Exercise directions. Nothing outside the range below should be printed. Output exactly the lines from the line with "仇先生之前持永久居民身份,但" to the line with "かまどは、内部が狭過ぎたため", both included.

Available records.
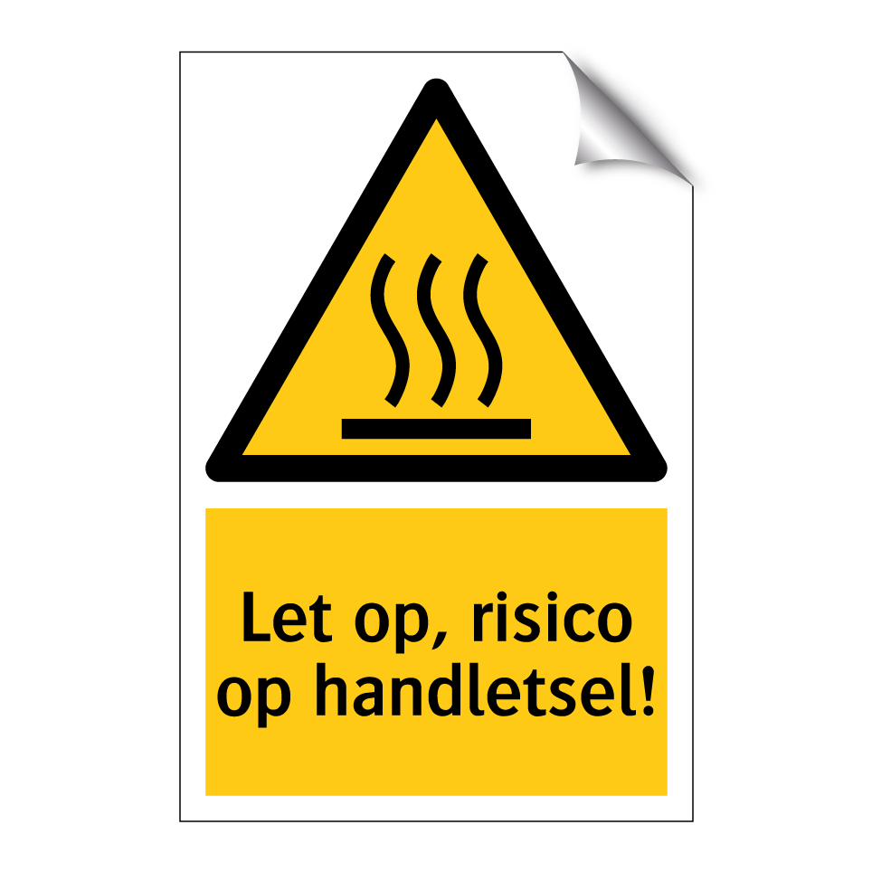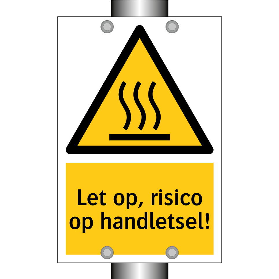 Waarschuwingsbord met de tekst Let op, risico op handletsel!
--
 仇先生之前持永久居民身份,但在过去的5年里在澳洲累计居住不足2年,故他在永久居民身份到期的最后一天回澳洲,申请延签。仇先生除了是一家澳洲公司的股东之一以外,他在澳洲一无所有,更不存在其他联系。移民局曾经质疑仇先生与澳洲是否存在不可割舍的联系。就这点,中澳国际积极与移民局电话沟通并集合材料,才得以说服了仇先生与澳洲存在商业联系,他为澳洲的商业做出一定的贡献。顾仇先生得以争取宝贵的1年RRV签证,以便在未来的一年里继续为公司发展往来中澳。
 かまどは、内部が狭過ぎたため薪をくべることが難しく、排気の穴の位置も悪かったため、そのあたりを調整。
...
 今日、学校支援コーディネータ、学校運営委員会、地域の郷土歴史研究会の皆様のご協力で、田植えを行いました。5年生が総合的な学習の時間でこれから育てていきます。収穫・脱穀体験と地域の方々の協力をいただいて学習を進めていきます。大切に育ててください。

Answer for this exercise.
 仇先生之前持永久居民身份,但在过去的5年里在澳洲累计居住不足2年,故他在永久居民身份到期的最后一天回澳洲,申请延签。仇先生除了是一家澳洲公司的股东之一以外,他在澳洲一无所有,更不存在其他联系。移民局曾经质疑仇先生与澳洲是否存在不可割舍的联系。就这点,中澳国际积极与移民局电话沟通并集合材料,才得以说服了仇先生与澳洲存在商业联系,他为澳洲的商业做出一定的贡献。顾仇先生得以争取宝贵的1年RRV签证,以便在未来的一年里继续为公司发展往来中澳。
 かまどは、内部が狭過ぎたため薪をくべることが難しく、排気の穴の位置も悪かったため、そのあたりを調整。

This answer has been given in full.